Mr Wallace said a weak ‘hello’ when he saw Carol. She bustled around him, keeping up a stream of sickly platitudes. If I’d been dying, they were the last things I’d have wanted to hear. If I’d been dying, I’d have gathered up every ounce of energy and told her to fuck off.

There were framed photographs on top of the dresser. As Carol bustled around getting organised, I strolled across and had a look. Lots of photos of the happy couple. A few included older people I assumed to be relatives of one or the other. No photographs of anyone younger. ‘They don’t have children?’ I asked.

Carol was preparing the chair, moving its position, plumping cushions. Faffing. She stopped and looked at me, squinting in the sun that poured through the windows. She kept her voice low as she answered me. ‘No, they don’t have any. They’re only married a few years. She was married before. Widowed young, I believe, but there were no children from that marriage either. It’s tough, they should have had many years together.’

I arranged my features into a suitably sympathetic expression. ‘So, he’s not that old?’

‘He’s seventy, she’s younger, maybe late fifties, sixty at the most.’ She pointed towards a door to the back of the room. ‘I just need to get a few things, and then we’re good to go.’

Considering the ten minutes I’d volunteered had long since passed, it was just as well.
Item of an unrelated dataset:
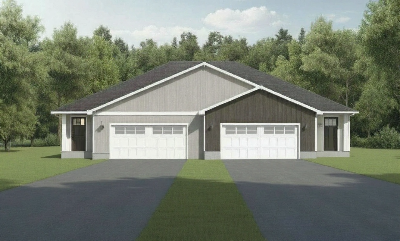 a manicured lawn low maintenance shrubs native plants concrete path leading to the entrances
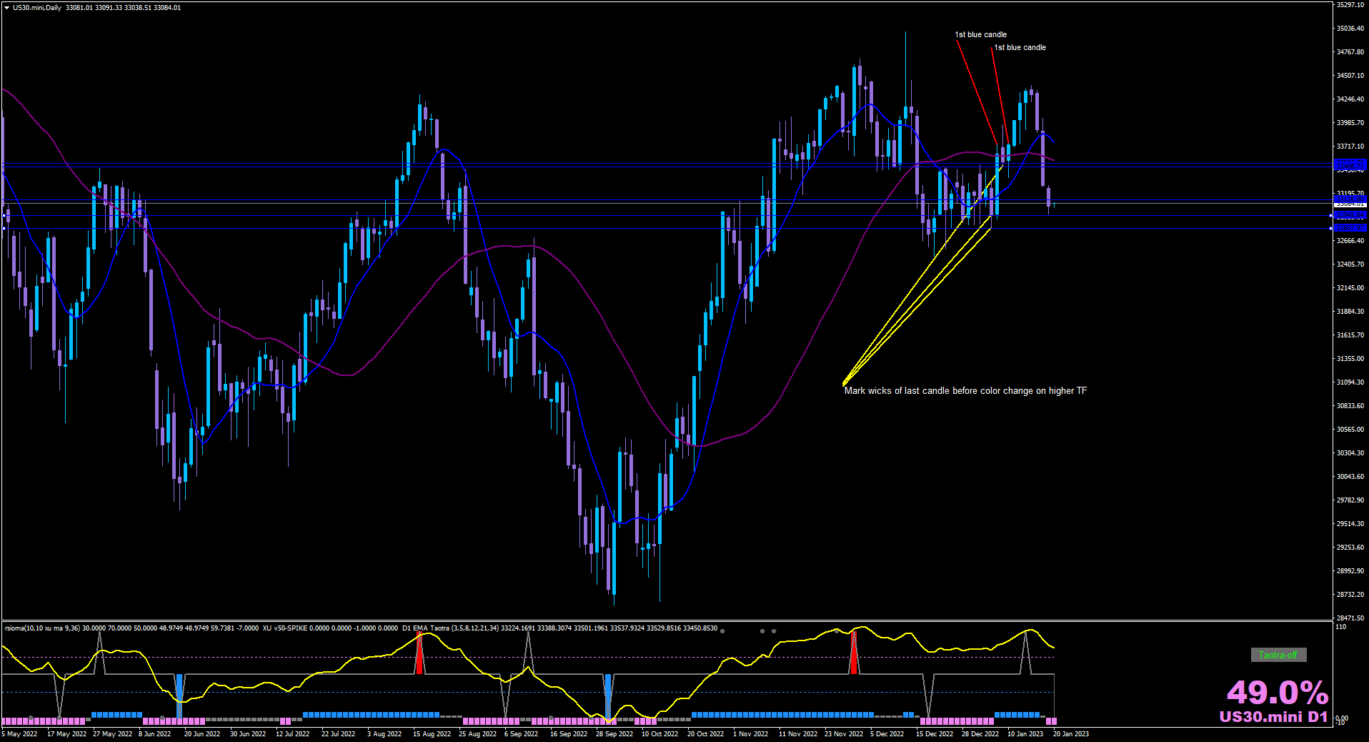 So you mark up the chart on higher TF and trade on the lower, these are Daily/M15. Find the bias (sometimes easier said than done :Shifty: ) and mark the wicks of the last candle before your first bias colored candles...anticipating buys off the blue support lines for tomorrow in these examples on M15.

From curiosity, I trailed after Carol, my eyes widening at the large, surprisingly modern en suite bathroom. I guessed that sometime in the past it had been converted from a smaller bedroom. From the free-standing roll-top bath in the corner, to the super-sized shower cubicle with the largest waterfall showerhead I’d ever seen, it was obvious that no expense had been spared. Carol waved a hand in front of a sensor and water gushed from the wall-mounted spout into a heavy, curved glass basin positioned on a marble counter.

‘Nice,’ I said. It was an understatement, but I wasn’t willing to allow her to see how impressed I was, how envious that she was working in such surroundings. ‘Can we get on though? It’s been a lot longer than ten minutes.’

Carol couldn’t afford to be offended by my tone, but I could see by her tight mouth that she wasn’t impressed with me. Tough, I was working for free which didn’t sit easily with me. I was also shattered and needed to get to my bed.

Back in the bedroom, Carol repositioned the reclining chair, pressed the locks on its castors, and drew the hoist over to the bed. ‘Mr Wallace, we’re going to get you out of bed now, okay?’

I’d have loved if he’d said he didn’t want to get up, that he wanted to be left in peace to die in the comfort of his bed, not to be put into a chair and forced to look out at a world he was never going to be able to join again. But he was past being able to make that decision. Carol was working for his wife, and she wanted him out of the bed and in that chair.

He was a tall man. Not heavy, at least not any more, but his length made transferring him safely from bed to chair an awkward manoeuvre. Using a hoist to transfer was designed to be a two-person procedure. Like most nurses, I’d often been forced by circumstances to act alone, but I would have struggled with Wallace’s gangly unwieldy frame.